21 November 2008 | Story by Chris McEvoy

seminar
Bridge-building: A colloquium on relations with China was held at the Centre for African Studies recently. From left, Vice-Chancellor Dr Max Price, Deputy Vice-Chancellor Prof Thandabantu Nhlapo and Dr Marcellette Williams, Senior Vice President at the University of Massachusetts (Amherst).

Would it be viable for UCT to establish a Confucius Institute?

This was the underlying question at a colloquium hosted by Deputy Vice-Chancellor, Professor Thandabantu Nhlapo, which examined the role of Confucius Institutes in bringing African and Chinese universities together.

Nhlapo proposed the colloquium after the establishment of such a centre at UCT was first mooted.

The colloquium was opened by Vice-Chancellor Dr Max Price, who stressed the importance of globalisation and diversity in higher education. Keynote speaker Dr Marcellette Williams, senior vice-president at the University of Massachusetts, spoke on the future of higher education and its role in a changing society of "globo-sapiens".

"The future academic won't be a voice of confrontation but a voice of dissent, keeping alive the multiple ways of knowing," she said. "The public has entrusted us not to do their thinking for them, but to think out loud."

Dr Loveness Kaunda, director of internationalisation at UCT, explained that the purpose of the colloquium was to bring together academics and decision makers to discuss the possibility of establishing a Confucius Institute at UCT.
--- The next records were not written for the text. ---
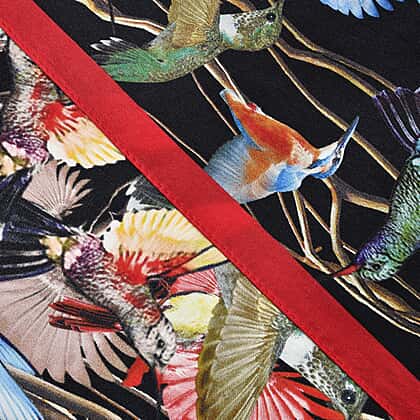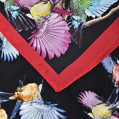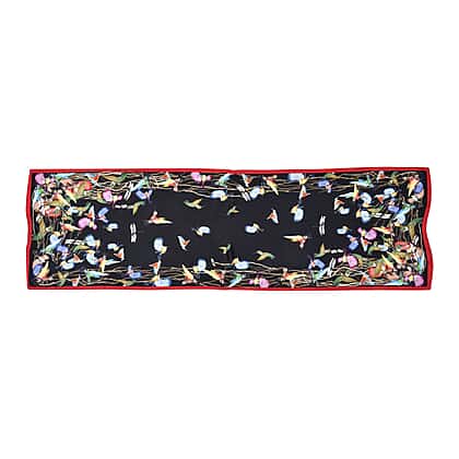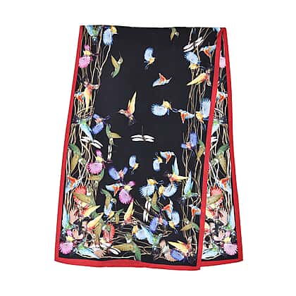 La Marey Silk Bird Pattern Satin Scarf - Black
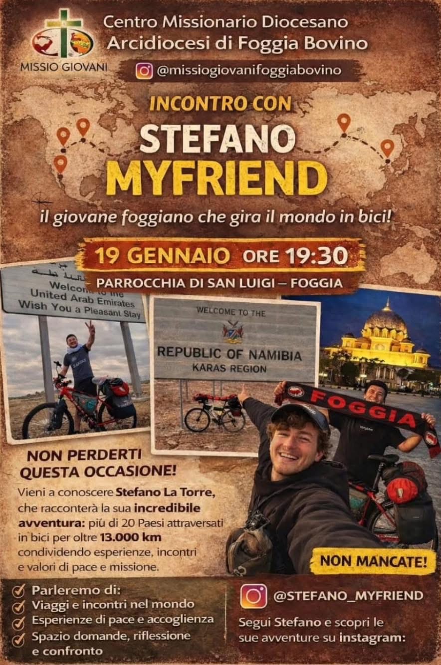 L'occasione per conoscere Stefano La Torre e la sua incredibile avventura: più di 20 Paesi attraversati in bici per oltre 13mila km, condividendo esperienze, incontri, valori di pace e missione. Lunedì 19 gennaio alle 19:30, presso la parrocchia San Luigi di Foggia (in via Pietro Scrocco 1), è in programma l'appuntamento con Stefano MyFriend, il "giovane foggiano che gira il mondo in bici".
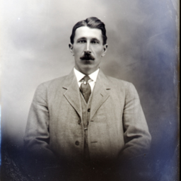 Portrait photograph of an unidentified may with a mustache and wearing a suit and tie.
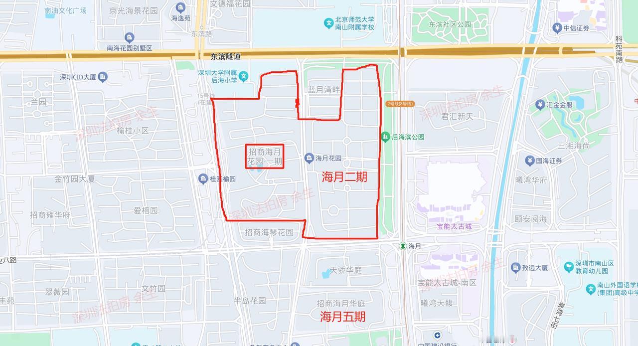 招商海月花园是深圳市南山区后海片区的综合性住宅社区,由深圳招商房地产有限公司开发,分三期建设(1999-2005年)。项目总占地面积23万平方米,建筑面积53万平方米,合计3400户住宅,物业由招商局物业管理有限公司统一管理。

"We have to ask questions such as, what form it would take, who would govern it, and will it be sustainable?" she said.

Over 200 Confucius Institutes have been established at education institutions around the world to teach and promote Chinese languages and culture, and to provide an opportunity for the local community to access knowledge about China to facilitate social and business interactions.